Last night, we sat like we always do behind the ballroom and went over a list about how the night was supposed to look. Stephen Sapp was speaking, so he shared some things he was going to touch on. All of a sudden, the room came to a complete stop- like the way Zach Morris used to say, “Timeout” and everything would pause. Well, instead of Zach saying stop, God did. This happened when Sapp leaned in and said, “You cannot take a day off from God.”
I have taken short cuts in every form and fashion of my life- whether with school, work, family, or just in LIFE. For once, I have realized that I have taken a short cut on God. I guess I kind-of bought into the lie that told me I didn’t have to put in as much as I wanted to get out. See, the struggle I have is this: when people look at me, there is a certain expectation they hold for me; it has been this way my whole life. People think I have it all together and that I have found some secret balance to life. They take and they take, and they take some more. But it is my fault; I have led a life like the “Yeast of the Pharisees”- In Matthew 16, the Bible says to, “Beware of the yeast of the Pharisees”. In this text, God pointed out how yeast puffs things up. By nature, yeast draws in air and when it heats, the air expands.

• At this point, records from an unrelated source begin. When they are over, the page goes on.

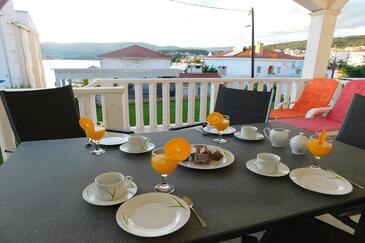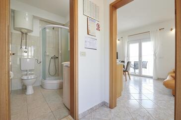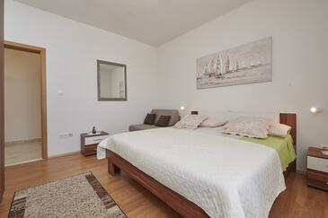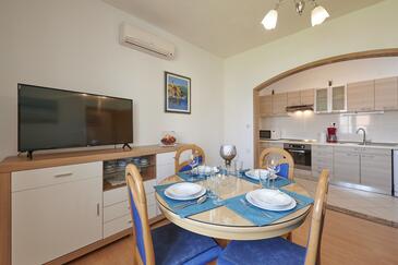 Appartamento può accogliere 5 ospiti. I letti sono disposti nelle camere da letto che sono 2, e nella camera di soggiorno, su 43m2. Gli ospiti hanno a disposizione il proprio terrazzo per godere nelle calde serate estive. Dall'appartamento si gode di una vista sul mare. Si può preparare il cibo utilizzando il barbecue comune.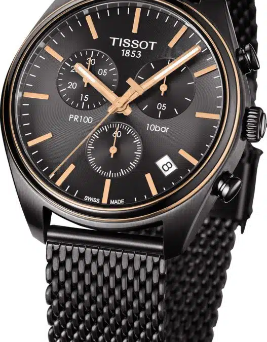 Tissot arranca el año con fuerza: ¡Es hora de redescubrir los clásicos! El PR 100 Chronograph se convierte en el modelo imprescindible de una de las colecciones esenciales e icónicas de la marca relojera suiza. El Tissot PR 100 forma parte de una de las familias más populares de Tissot y ofrece una amplia variedad de opciones. Esta vez su particularmente robusto diseño, que es a lo que hacen referencia las siglas PR, se traduce en unos atractivos modelos cronógrafos con cajas de acero inoxidable y finos acabados en PVD y brazaletes de malla milanesa. La combinación de materiales y colores disponibles hacen de este reloj el complemento perfecto para cualquier look.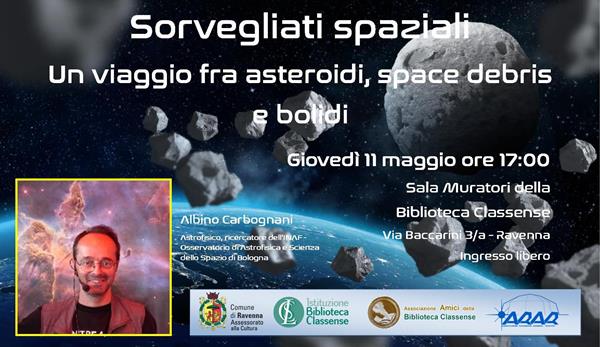 L'11 maggio il Dott. Albino Carbognani (astrofisico e ricercatore dell’INAF-Osservatorio di Astrofisica e Scienza dello Spazio di Bologna per un progetto sul monitoraggio dei detriti spaziali con telescopi ottici dal suolo) ci ha parlato di asteroidi, bolidi e detriti spaziali "Sorvegliati speciali".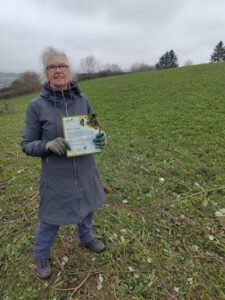 Geco Visscher is namens de Steenuilenwerkgroep Limburg en Kerkuilenwerkgroep Limburg (beiden werkgroepen van Vogelwacht Limburg) de coördinator en ons aanspreekpunt voor de actie van STONE. Aan de trotse eigenaresse van het perceel in Wahlwiller overhandigde hij een gedenkbordje, waarop de actie van STONE beschreven is.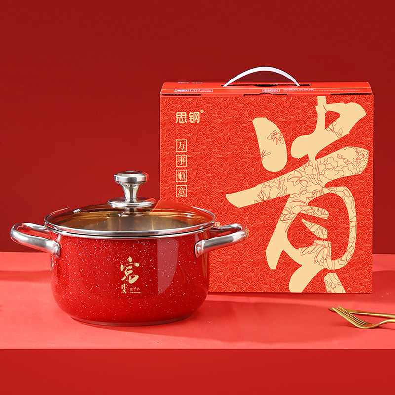 精美包装;喜庆高颜值配色;精心选择红色锅体高温烤漆,耐用不掉漆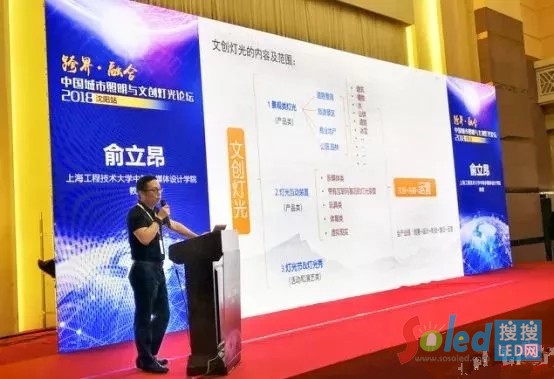 “文創(chuàng)燈光”概念首創(chuàng)者、上海工程技術(shù)大學(xué)中韓多媒體設(shè)計(jì)學(xué)院教授俞立昂先生在報(bào)告環(huán)節(jié)發(fā)表了題為【文創(chuàng)燈光的趨勢(shì)及產(chǎn)業(yè)價(jià)值分析】的演講。他認(rèn)為目前文創(chuàng)燈光具有海量的需求,能彌補(bǔ)城市及景區(qū)夜游的短板。對(duì)于何為“文創(chuàng)燈光”,他認(rèn)為是文創(chuàng)+內(nèi)容+運(yùn)營(yíng),把創(chuàng)意、設(shè)計(jì)、制造、建設(shè)和運(yùn)營(yíng)整合起來(lái),形成一個(gè)以燈光為切入口的新型商業(yè)模式。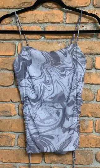Light and darker gray colors Cowl neckline Adjustable spaghetti straps Adjustable ruched sides Lined... Show more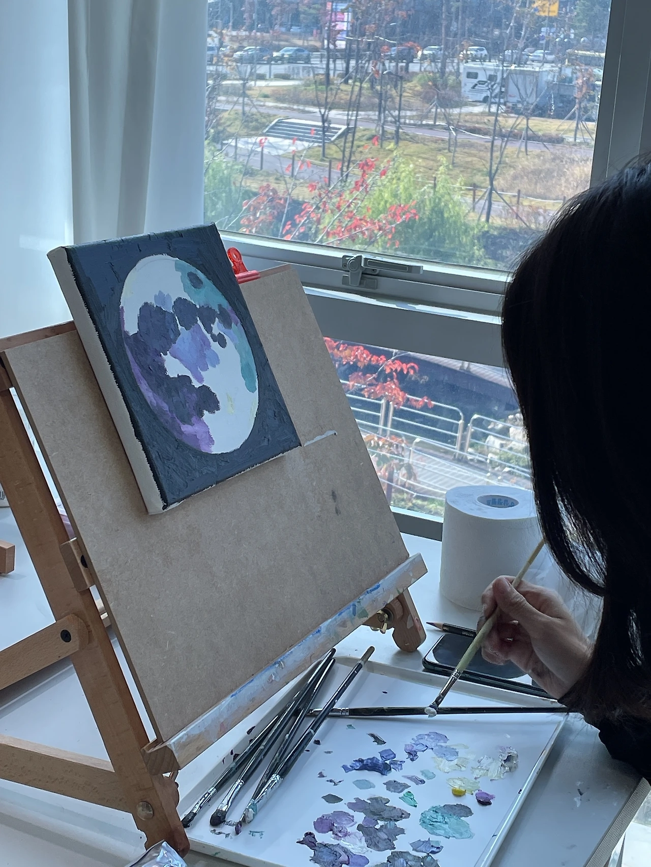 유화 물감은 덩어리가 커서 아무래도 날렵한 표현은 어렵더라고요. 아직 서툴러서 그럴 수도 있지만요. 아무튼 배경과 달의 색이 섞이지 않도록 조심조심 그린다고 그렸는데도 테두리가 울퉁불퉁해졌습니다. 그랬더니 오히려 더 편안하고 몽글몽글한 달이 태어났어요. 어울리는 동화책이 있다면 삽화로 넣고 싶은 달님입니다.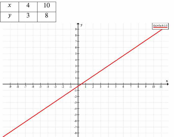 — \( x = 6 \): \( y = \frac{5}{6}(6) — \frac{1}{3} = 5 — \frac{1}{3} = \frac{14}{3} \) → \( (6, \frac{14}{3}) \)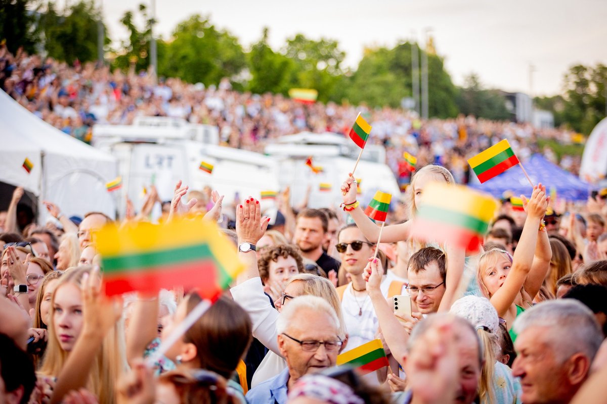 At 9 p.m., Lithuanians across the globe united to sing their national song, a tradition now in its 16th year. In Vilnius, the audience was joined by dignitaries including Vilnius City Mayor **Valdas Benkunskas**, Lithuanian President **Gitanas Nausėda**, and German President **Frank-Walter Steinmeier**, who was visiting Lithuania.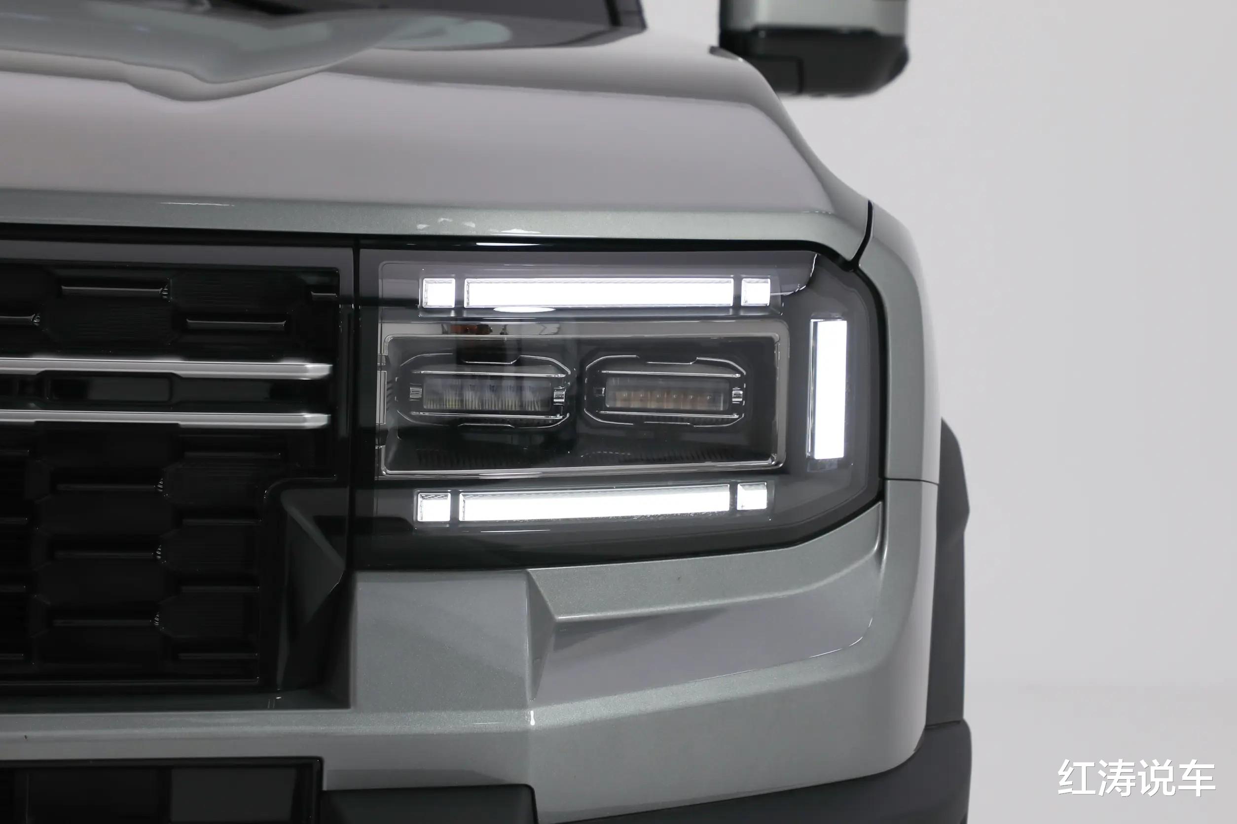 外观方面,捷途纵横G700采用全新设计语言,车头高大立体,前脸长方形黑色格栅中间带有捷途品牌Logo,矩形LED大灯怒视前方,再加上大面积的黑色包围以及金属护板,给人第一印象--硬汉!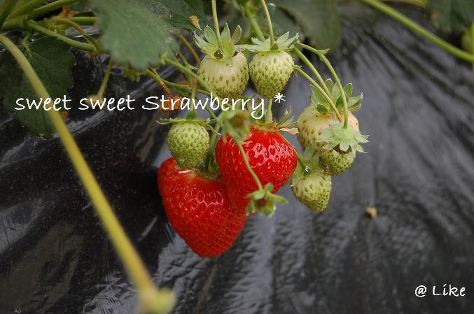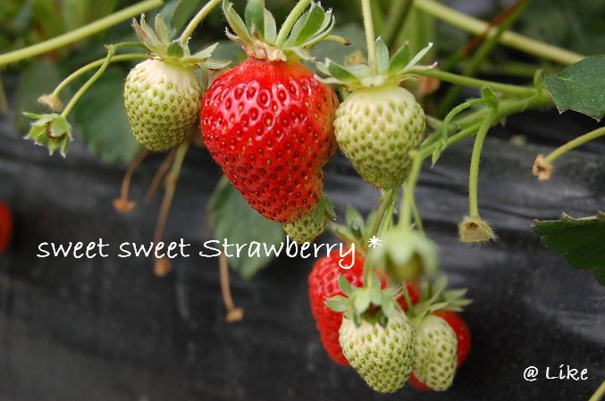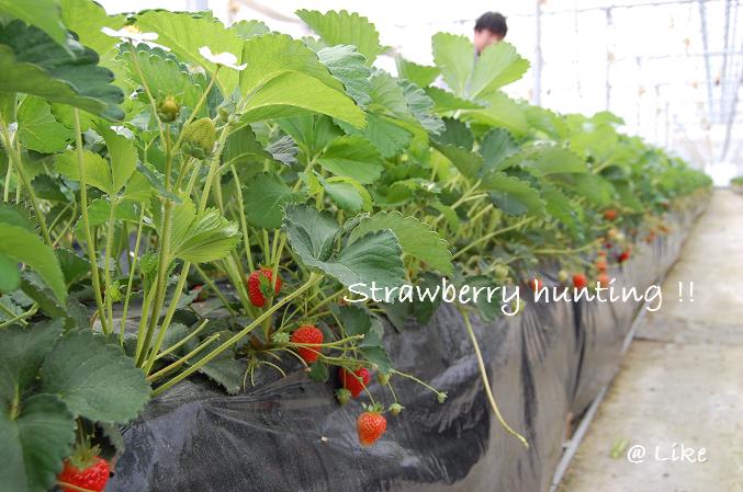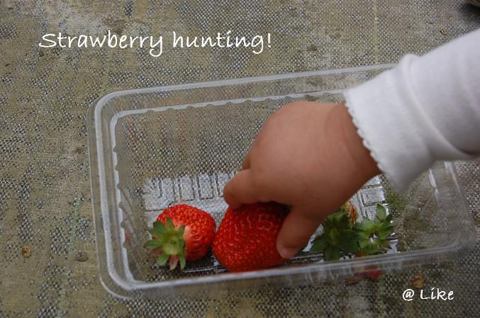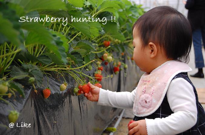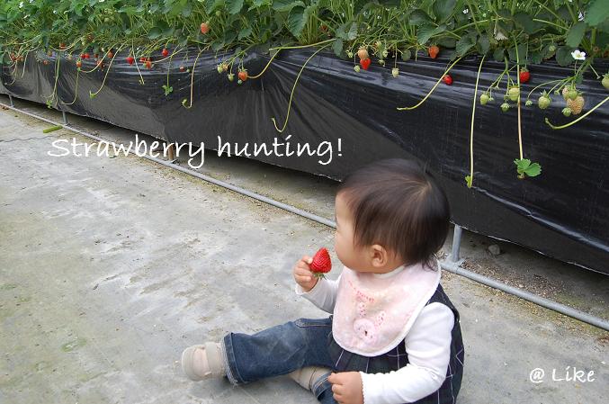 イノは初めてのイチゴ狩り。上手に取れるかな。。。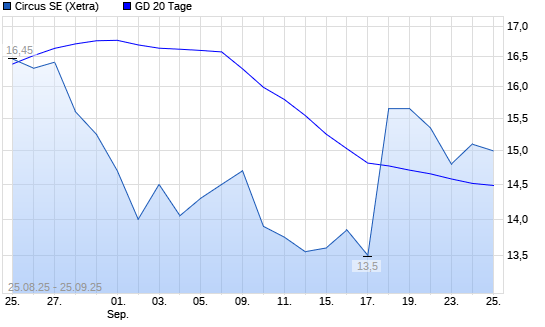 Mit dem Rücksetzer auf 14,45 EUR hat die Circus-Aktie am 24.09.2025 die 20-Tage-Linie nach unten gekreuzt.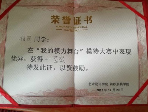 91猫先生 祖丽乎马尔·热米特拉同学在“我的模力舞台”模特大赛中荣获一等奖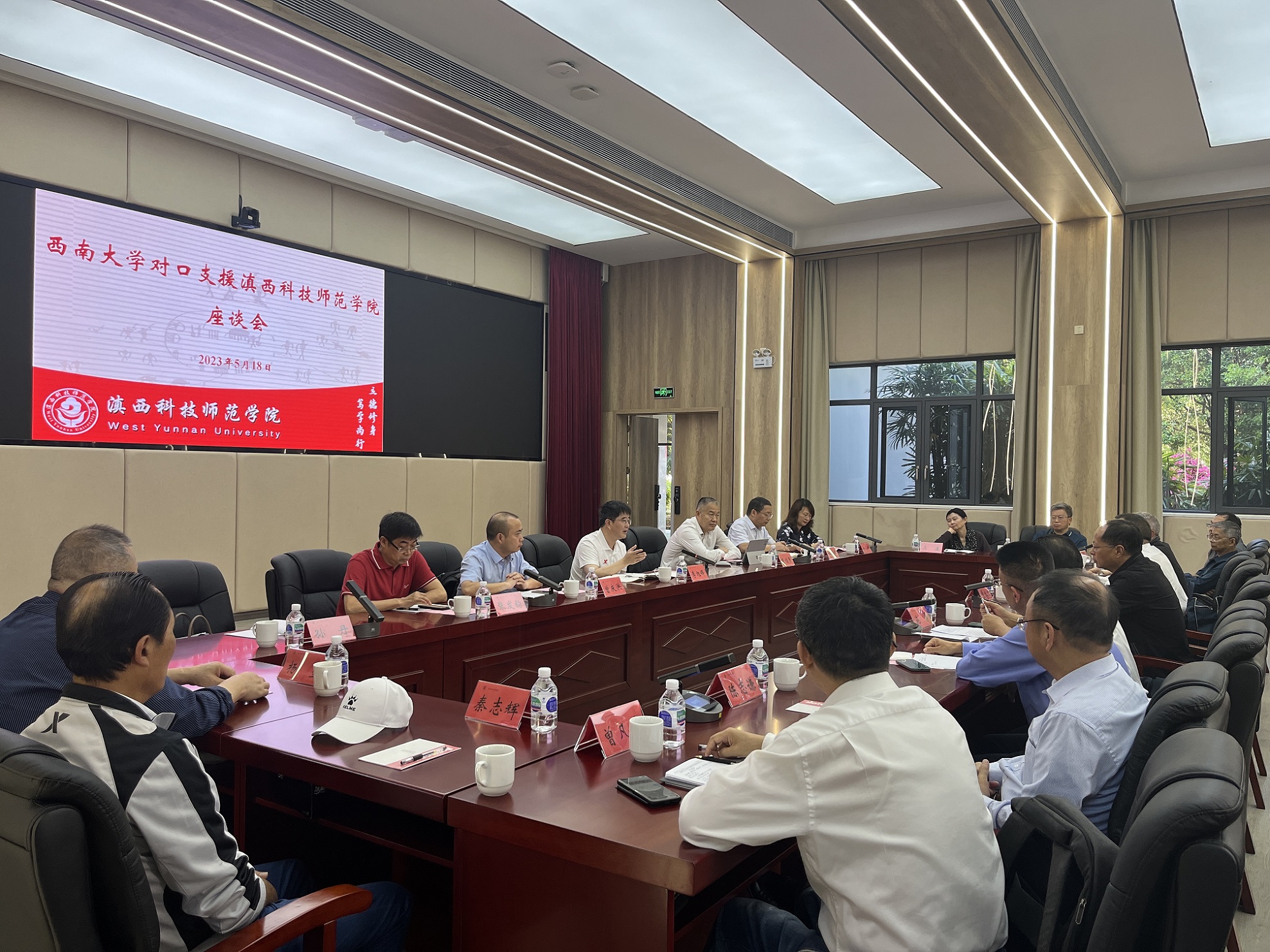 5月18日,李旭锋一行在滇西科技师范学院召开对口支援工作座谈会。会上,“银龄教师”代表李名扬介绍了西南大学“银龄计划”专家团在滇西科技师范学院开展人才培养、学科建设、课题研究、社会服务等方面工作成效。李旭锋为学校聘任的滇西科技师范学院兼职专业硕士导师和博士导师颁发聘书,葛信勇与滇西科技师范学院党委副书记施勇共同为“西南大学——滇西科技师范学院专业学位研究生联合培养基地”揭牌。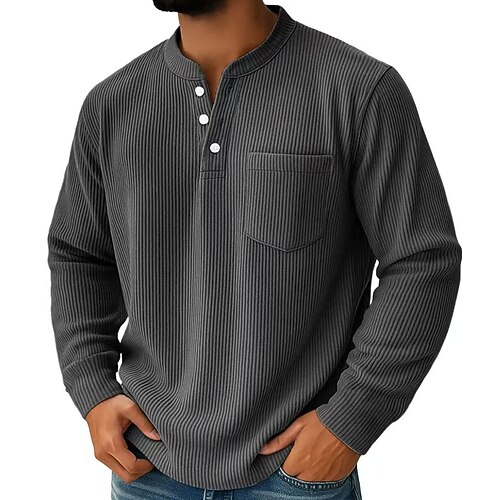 Per uomo Camicia di Velluto a Coste Maglia Henley Maglietta Manica Lunga Tinta unica Semplice Testurizzato Moda Designer Casual Tasca Bottoni Caldo Henley Casuale Quotidiano All'aperto Estate Autunno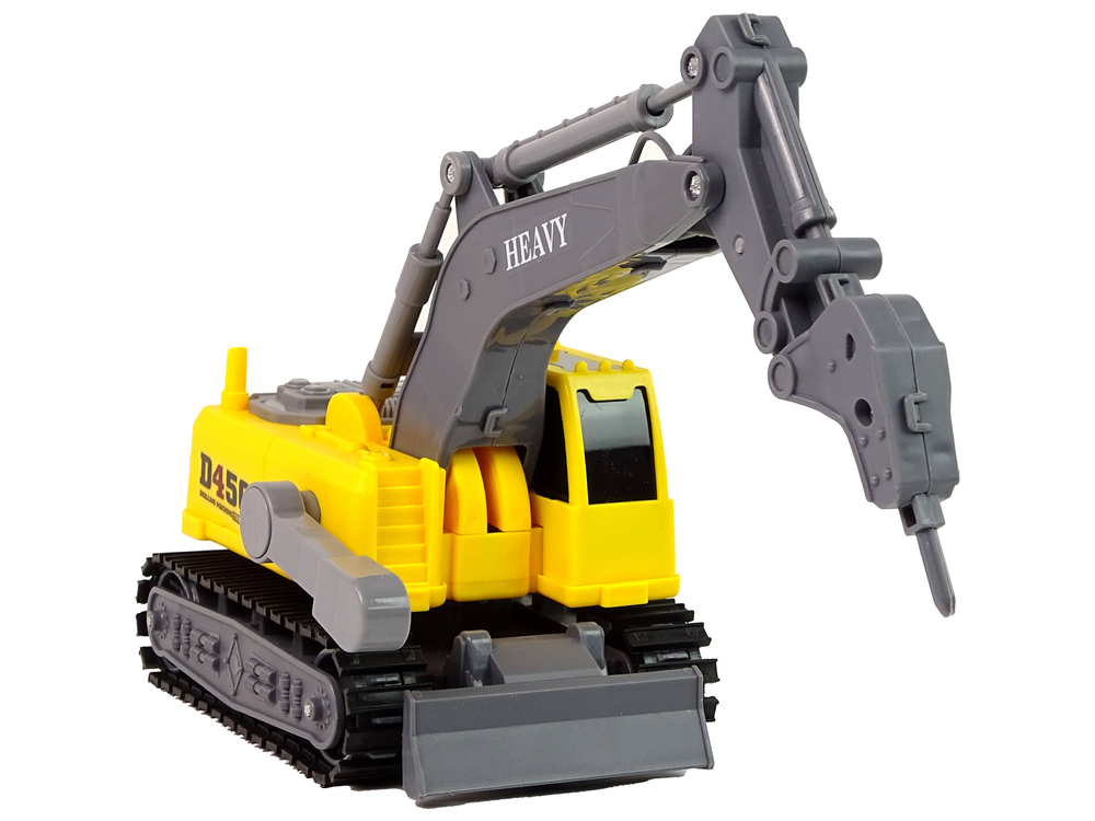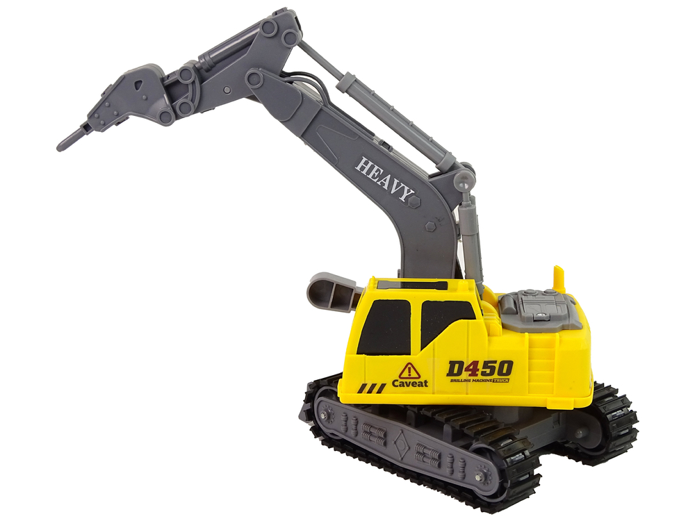 Gumowe, czarne gąsienice zapewniają stabilność i doskonałą trakcję, co pozwala na swobodne poruszanie się koparki po różnych powierzchniach. Koparka może poruszać się do przodu i do tyłu, dając dzieciom większą swobodę w przemieszczaniu się i tworzeniu różnych scenek.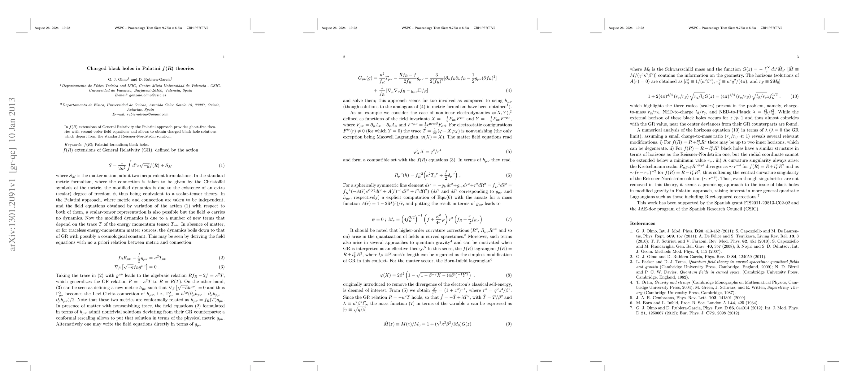 Summary: This paper explores charged black hole solutions in Palatini $f(R)$ theories, which provide ghost-free extensions of General Relativity with second-order field equations, leading to black hole models that differ from the conventional Reissner-Nordström solution.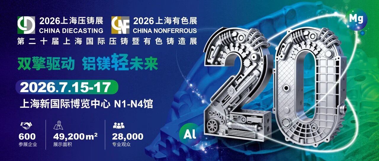 第二十屆上海國際壓鑄暨有色鑄造展將于2026年7月15-17日在上海新國際博覽中心(N1-N4館)隆重舉辦。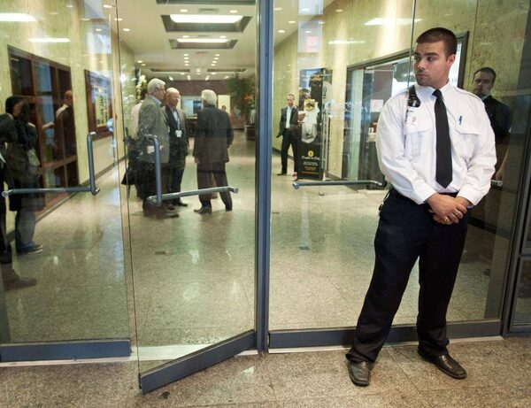 A security guard stands watch at the McGill University Health Centre offices (MUHC) in Montreal, Tuesday, September 18, 2012, where members of Quebec's anti-corruption squad conducted a raid at the premises.Graham Hughes/The Canadian Press

Well, being "puffed up" is like being proud…full of air and no substance, like a Pharisee. Jews couldn't see the glory of God because they were blinded by the “glory” of the Pharisees.
I shared my struggle last night to a friend at IHOP, and crying like a baby, I told him that next week I was going to share about what a man of God should look like. Upon studying this, I have realized that I am not as close to God as I thought I was; my pride has fooled me once again. How can I share about being something, when I miss the mark on “that something” daily? After we had eaten and gone home, he text messaged me and it read something like this: “Break the façade and fallacy of the man who has it all together so that they can see the God that does.” Today, he shared with me the passage in Matthew 16.
I say all this to fill you all in (or at least those of you who will actually stick to reading this to the end) of a few things. Just because we are in ministry and look like we have things under control does not mean that we do…because we don’t! The fact that people assume this however, allows us to hide in the image that they see. The problem with this arises when one day God says, “You can not take a day off from ME!” Don’t get me wrong, my whole life has not been a lie. I am just saying that I have distorted the glory that God has in store for you, as children of God; for that, I sit here in sorrow staring at a screen.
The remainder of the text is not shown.